一つ目は、その図形が「グループ化」されている可能性です。
複数の図形が1つのグループにまとめられていると、中の1つだけをポンッとクリックして選ぶことができません。一度、図形の上で右クリックをして、「グループ化」>「グループ解除」を選んでバラバラにしてから、再度選択してみてください。
二つ目は、先ほども少し触れましたが、他の透明な図形や大きな枠の下に「完全に隠れてしまっている」ケースです。
手前にある透明なバリアをずっとクリックしている状態ですね。この場合は、キーボードのAlt + F10を押して「選択ウィンドウ」を出し、右側のリストから直接その図形の名前をクリックして救出してあげてください。
矢印キーでセル移動できない時のロック解除
これは図形の選択ではなく、セルの移動のお話になりますが、「エクセル 矢印キー 選択できない」と検索される方の中には、「キーボードの上下左右の矢印キーを押しても、隣のセルに移動せずに、画面全体がズルズルとスクロールしてしまう!」というパニックに陥っている方が非常に多いです。
この謎の現象の犯人は、ほぼ100%「Scroll Lock(スクロールロック)」という機能がオンになっているせいです。
エクセルの画面の左下、ステータスバーのところに「ScrollLock」と表示されていませんか?
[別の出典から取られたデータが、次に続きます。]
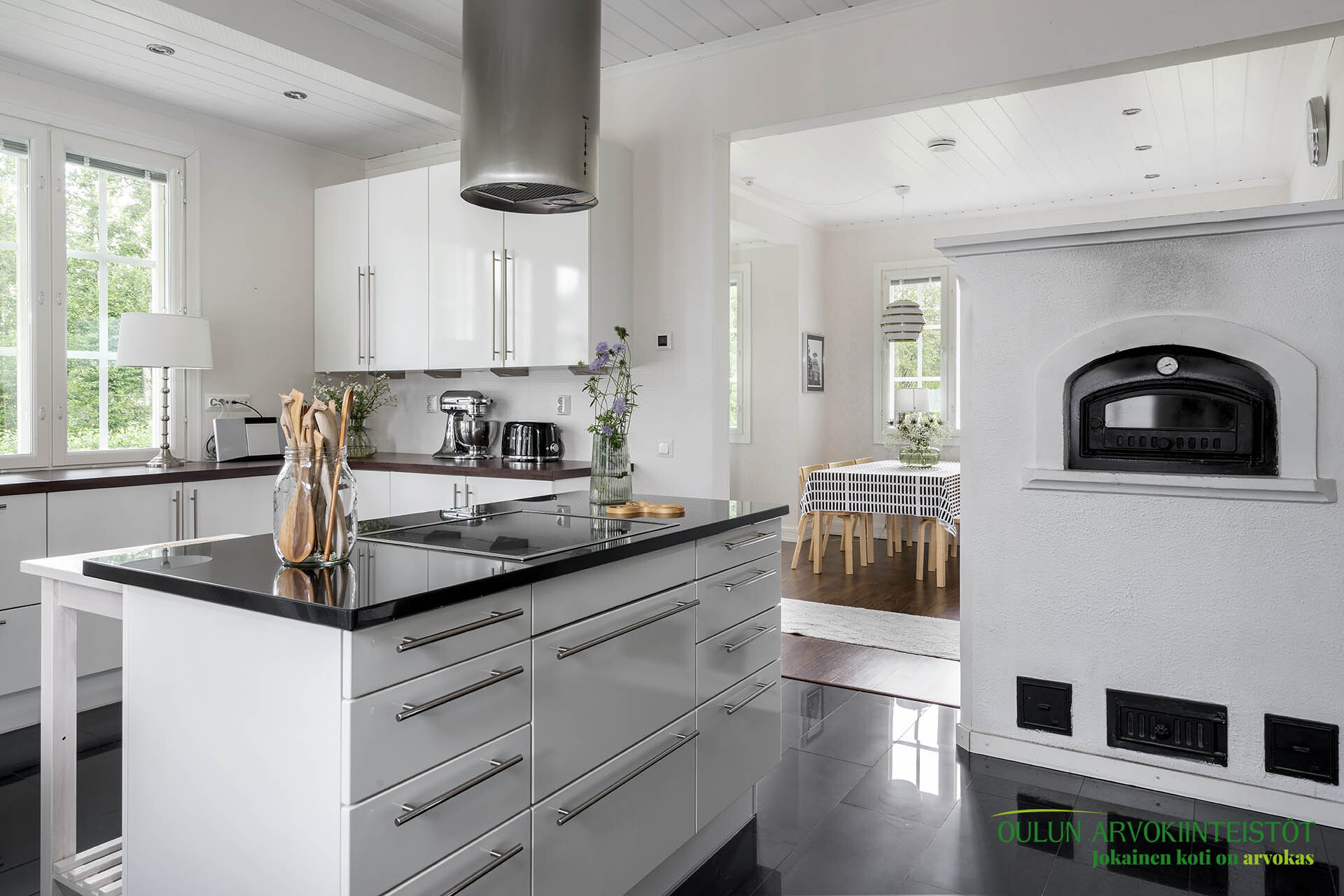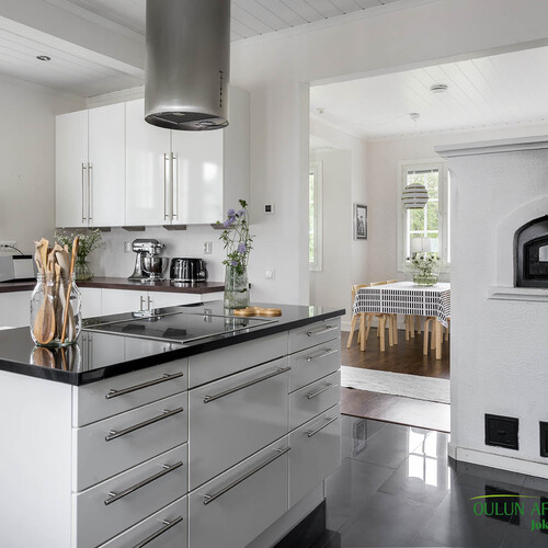 Keittiössä leivinuuni ja takkahuoneessa varaava takka.

これを解除すればすぐに元通りになりますが、使っているパソコンによって解除方法が少し違います。
| お使いの環境 | 解除方法 |
|---|---|
| 大きめのキーボード (デスクトップPCなど) |
テンキーの右上あたりにある「Scroll Lock」や「ScrLk」という専用キーを1回ポチッと押すだけです。 |
| ノートパソコン | 「ScrLk」キー単体がないことが多いです。Fn(ファンクション)キーを押しながら、文字のCやS、またはKなどを押すことが多いですが、メーカーによって違います。 |
| 確実な方法(Windows) | 物理的なキーが分からない時は、Windowsの設定から「スクリーンキーボード」を画面に出して、画面上の「ScrLk」をクリックするのが一番確実です! |
Mac版エクセルでの代替アプローチ
実は、WindowsからMacに乗り換えた方が一番戸惑うのがこれかもしれません。「Mac エクセル オブジェクトの選択」と探しても見つからないはずです。なぜなら、Mac版のエクセルには、そもそも「矢印に形を変えてドラッグで囲む」というボタンが存在しないからです。
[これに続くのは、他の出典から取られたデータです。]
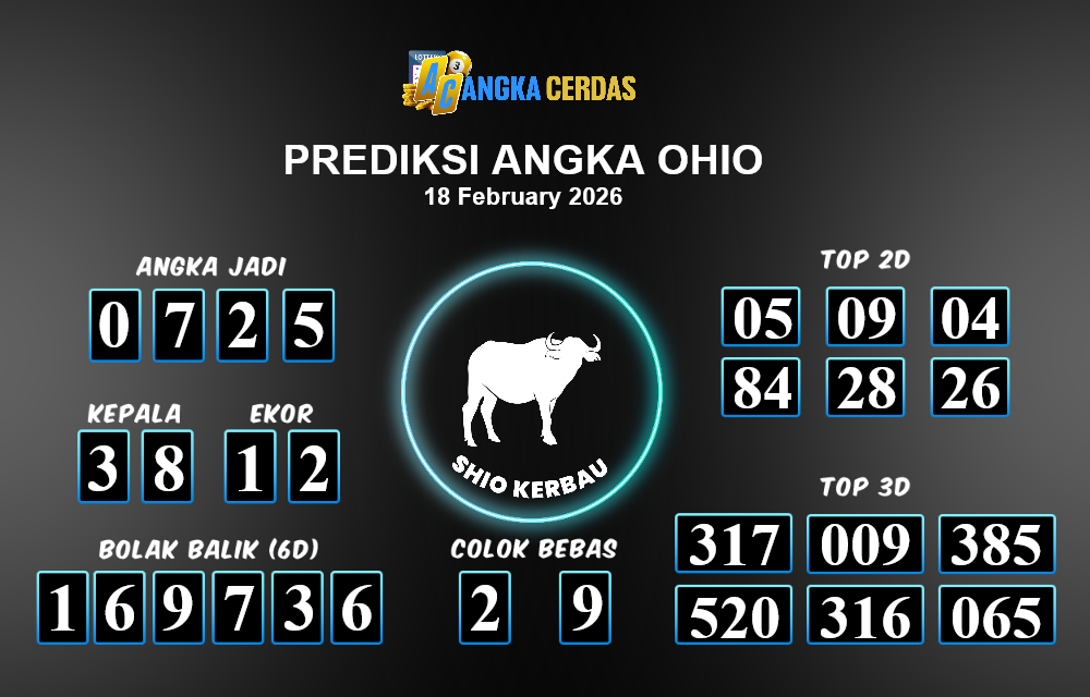 Prediksi Togel OHIO untuk hari ini Rabu, 18 Februari 2026, adalah salah
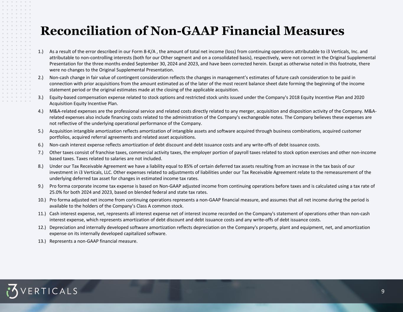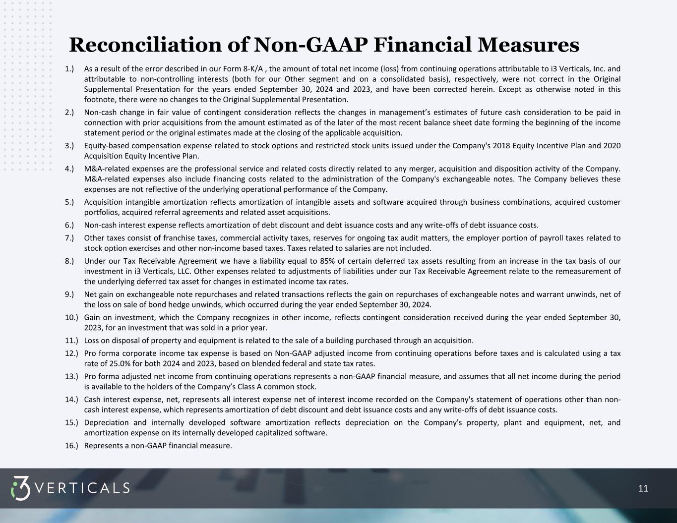 9 Reconciliation of Non-GAAP Financial Measures 1.) As a result of the error described in our Form 8-K/A , the amount of total net income (loss) from continuing operations attributable to i3 Verticals, Inc. and attributable to non-controlling interests (both for our Other segment and on a consolidated basis), respectively, were not correct in the Original Supplemental Presentation for the three months ended September 30, 2024 and 2023, and have been corrected herein. Except as otherwise noted in this footnote, there were no changes to the Original Supplemental Presentation. 2.) Non-cash change in fair value of contingent consideration reflects the changes in management’s estimates of future cash consideration to be paid in connection with prior acquisitions from the amount estimated as of the later of the most recent balance sheet date forming the beginning of the income statement period or the original estimates made at the closing of the applicable acquisition. 3.) Equity-based compensation expense related to stock options and restricted stock units issued under the Company's 2018 Equity Incentive Plan and 2020 Acquisition Equity Incentive Plan. 4.) M&A-related expenses are the professional service and related costs directly related to any merger, acquisition and disposition activity of the Company. M&A- related expenses also include financing costs related to the administration of the Company's exchangeable notes. The Company believes these expenses are not reflective of the underlying operational performance of the Company. 5.) Acquisition intangible amortization reflects amortization of intangible assets and software acquired through business combinations, acquired customer portfolios, acquired referral agreements and related asset acquisitions. 6.) Non-cash interest expense reflects amortization of debt discount and debt issuance costs and any write-offs of debt issuance costs. 7.) Other taxes consist of franchise taxes, commercial activity taxes, the employer portion of payroll taxes related to stock option exercises and other non-income based taxes. Taxes related to salaries are not included. 8.) Under our Tax Receivable Agreement we have a liability equal to 85% of certain deferred tax assets resulting from an increase in the tax basis of our investment in i3 Verticals, LLC. Other expenses related to adjustments of liabilities under our Tax Receivable Agreement relate to the remeasurement of the underlying deferred tax asset for changes in estimated income tax rates. 9.) Pro forma corporate income tax expense is based on Non-GAAP adjusted income from continuing operations before taxes and is calculated using a tax rate of 25.0% for both 2024 and 2023, based on blended federal and state tax rates. 10.) Pro forma adjusted net income from continuing operations represents a non-GAAP financial measure, and assumes that all net income during the period is available to the holders of the Company’s Class A common stock. 11.) Cash interest expense, net, represents all interest expense net of interest income recorded on the Company's statement of operations other than non-cash interest expense, which represents amortization of debt discount and debt issuance costs and any write-offs of debt issuance costs. 12.) Depreciation and internally developed software amortization reflects depreciation on the Company's property, plant and equipment, net, and amortization expense on its internally developed capitalized software. 13.) Represents a non-GAAP financial measure.
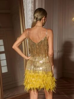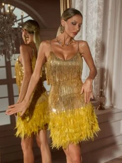 Be the shining star of any event in this Austyn Tassel Feather Mini Dress In Gold. With its stunning gold color and tassel feather detailing, you’ll make a statement wherever you go. Feel confident and elegant in this one-of-a-kind dress. Perfect for any special occasion!
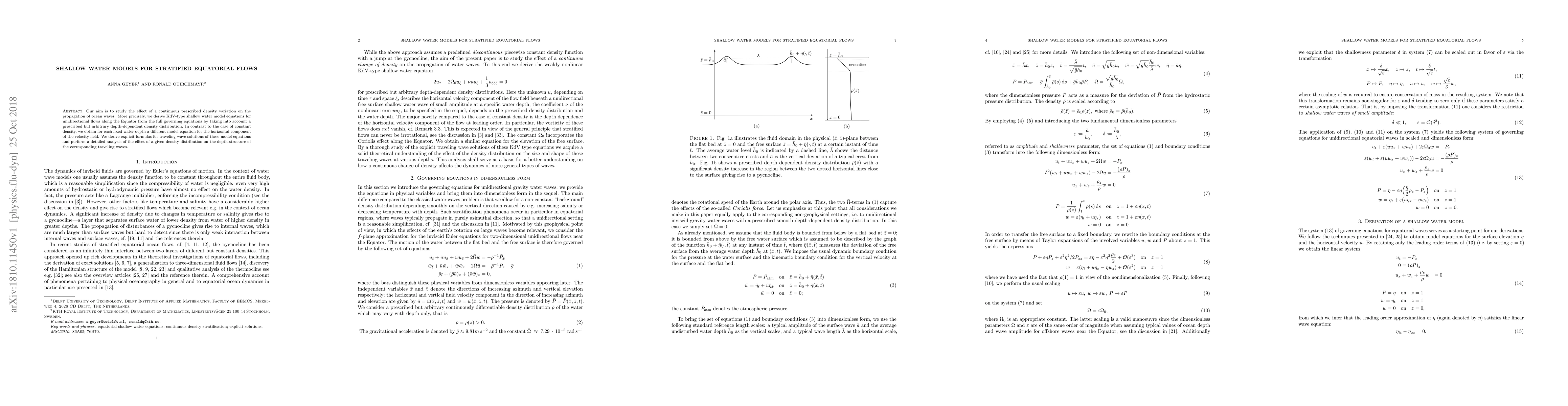 This paper develops KdV-type shallow water models for stratified equatorial ocean flows, deriving distinct model equations for varying water depths and density distributions. It also provides explicit formulas for traveling wave solutions and analyzes how density variations affect the depth-structure of these waves.

「えっ、じゃあどうやって複数の図形を選ぶの?」と焦りますよね。Mac環境では、以下の代替アプローチを使い分けることになります。
Commandキーを押しながら一つずつクリック: 数が少ない時はこれが基本です。Command + Aで全選択: 図形を1つ選んでからこのショートカットを使うと、全部選択できます。いらないものを後からCommand+クリックで外していくのもアリです。- 選択ウィンドウを活用する(推奨!): Mac版でも「選択ウィンドウ」は健在です。図形を選択したときに出る「図形の書式設定」タブから「選択ウィンドウ」を出し、リストを見ながら
Commandキーを押して複数選んでいくのが、一番確実でストレスのない方法かなと思います。
業務改善!エクセルの矢印選択ボタンまとめ
いかがでしたでしょうか。今回は、エクセルでの図形操作を圧倒的に楽にしてくれる「矢印選択ボタン(オブジェクトの選択)」について、その使い方から、ショートカット、困ったときの解決法までを幅広く解説しました。
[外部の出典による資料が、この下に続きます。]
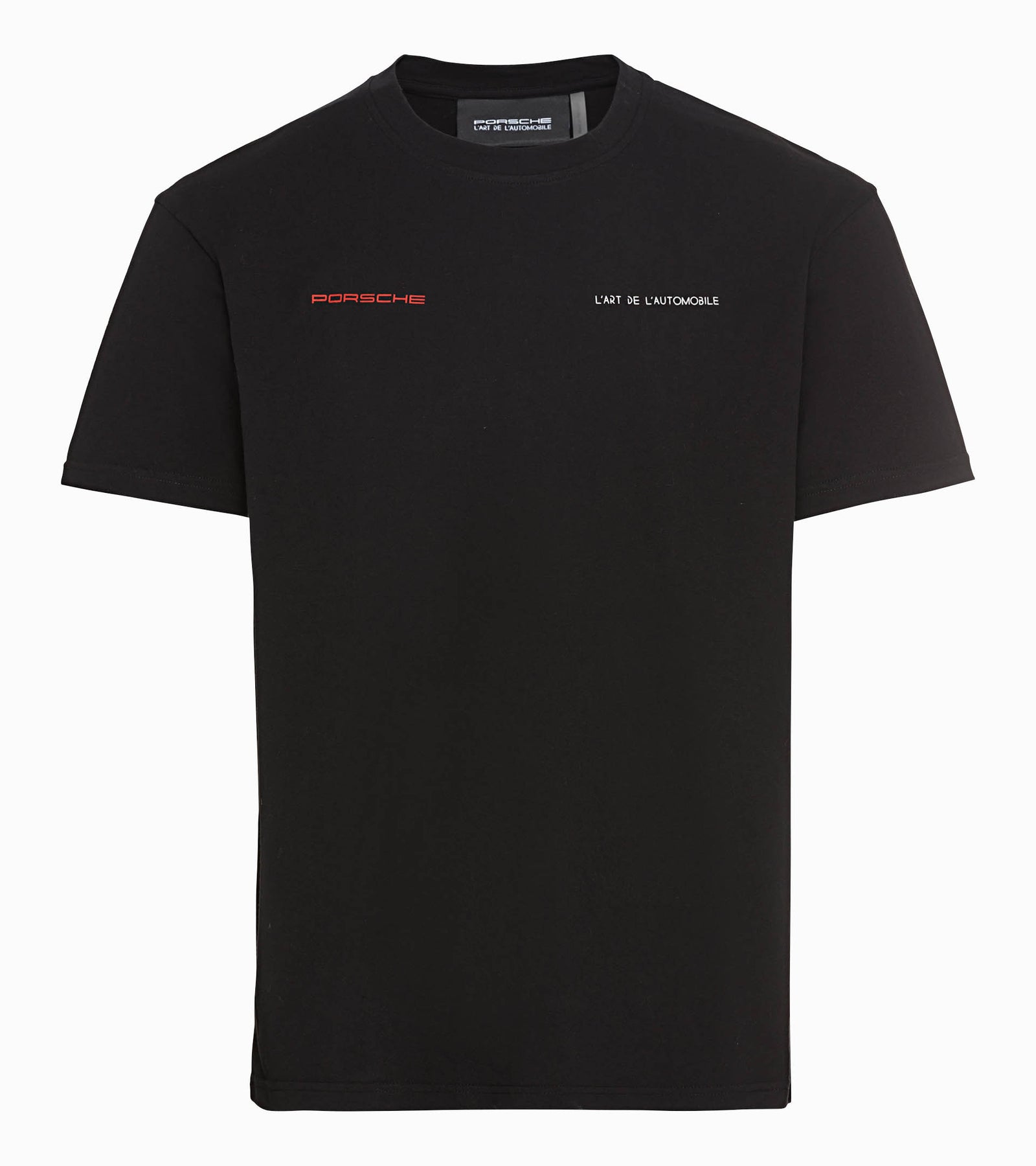 A genuine eye-catcher: the unisex T-shirt from the 968 L'ART Collection by L'Art De L'Automobile x Porsche. Thanks to the multi-coloured KAR print on the back, this is not only a more casual t-shirt but also a more striking one for everyday and leisure wear.

何気なく使っている機能でも、クイックアクセスツールバーに追加してショートカット化(Alt + 数字)したり、「選択ウィンドウ」と組み合わせて重なりを管理したりするだけで、資料作成のイライラは劇的に減らすことができます。また、グレーアウトして押せなくなったり、矢印キーでおかしくなったりした時も、原因(セル編集中やScroll Lockなど)が分かっていれば、慌てずにすぐ対処できますよね。
エクセルの矢印選択ボタンを上手く使いこなして、ぜひ日々の業務をもっとサクサク、快適に進めていってくださいね!